Task requirements: In the listing below, print exactly the lines between the line holding "Krátky jednovrstvový tylový" and the line holding "В течение сорока", inclusive, and no more.

Source information:
Segment Open
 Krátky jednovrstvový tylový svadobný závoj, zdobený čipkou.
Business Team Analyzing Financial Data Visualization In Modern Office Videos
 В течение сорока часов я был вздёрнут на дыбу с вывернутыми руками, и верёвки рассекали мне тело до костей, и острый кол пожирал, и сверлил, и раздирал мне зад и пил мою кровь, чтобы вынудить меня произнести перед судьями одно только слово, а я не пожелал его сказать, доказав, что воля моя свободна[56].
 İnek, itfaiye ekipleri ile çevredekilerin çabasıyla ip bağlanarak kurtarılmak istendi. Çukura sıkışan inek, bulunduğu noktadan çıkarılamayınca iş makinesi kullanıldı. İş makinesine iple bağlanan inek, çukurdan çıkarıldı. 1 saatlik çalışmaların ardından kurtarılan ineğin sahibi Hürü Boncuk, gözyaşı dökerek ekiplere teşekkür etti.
Segment Closed
Segment Open
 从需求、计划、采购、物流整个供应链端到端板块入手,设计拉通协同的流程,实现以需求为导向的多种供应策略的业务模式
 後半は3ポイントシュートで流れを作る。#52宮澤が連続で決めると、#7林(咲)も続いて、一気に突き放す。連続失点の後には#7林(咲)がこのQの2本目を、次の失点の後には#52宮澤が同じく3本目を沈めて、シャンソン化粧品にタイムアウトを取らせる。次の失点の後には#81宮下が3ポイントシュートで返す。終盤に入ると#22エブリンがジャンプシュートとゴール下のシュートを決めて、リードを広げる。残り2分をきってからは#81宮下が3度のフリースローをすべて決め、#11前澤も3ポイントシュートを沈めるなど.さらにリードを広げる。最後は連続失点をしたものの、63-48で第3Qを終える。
Segment Closed
Segment Open
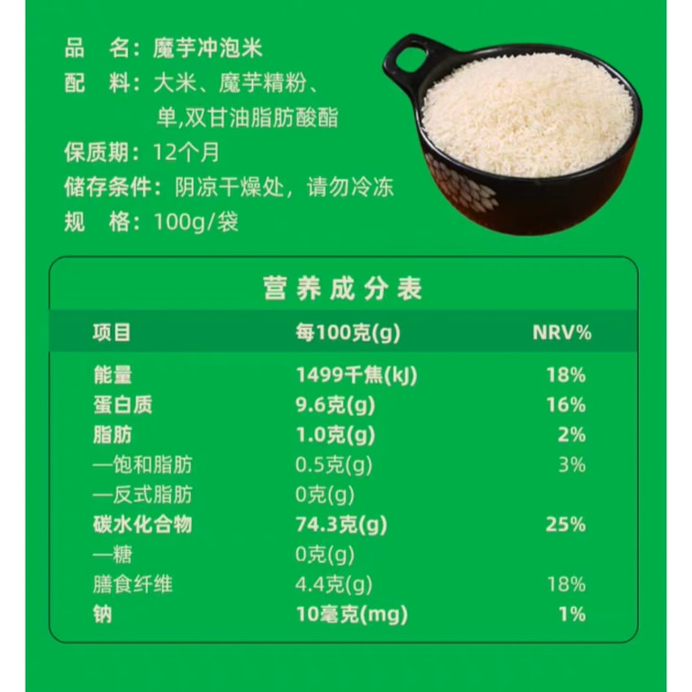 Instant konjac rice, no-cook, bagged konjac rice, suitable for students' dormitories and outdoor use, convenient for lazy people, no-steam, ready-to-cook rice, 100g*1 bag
Segment Closed
Answer to this exercise:
 Krátky jednovrstvový tylový svadobný závoj, zdobený čipkou.
Business Team Analyzing Financial Data Visualization In Modern Office Videos
 В течение сорока часов я был вздёрнут на дыбу с вывернутыми руками, и верёвки рассекали мне тело до костей, и острый кол пожирал, и сверлил, и раздирал мне зад и пил мою кровь, чтобы вынудить меня произнести перед судьями одно только слово, а я не пожелал его сказать, доказав, что воля моя свободна[56].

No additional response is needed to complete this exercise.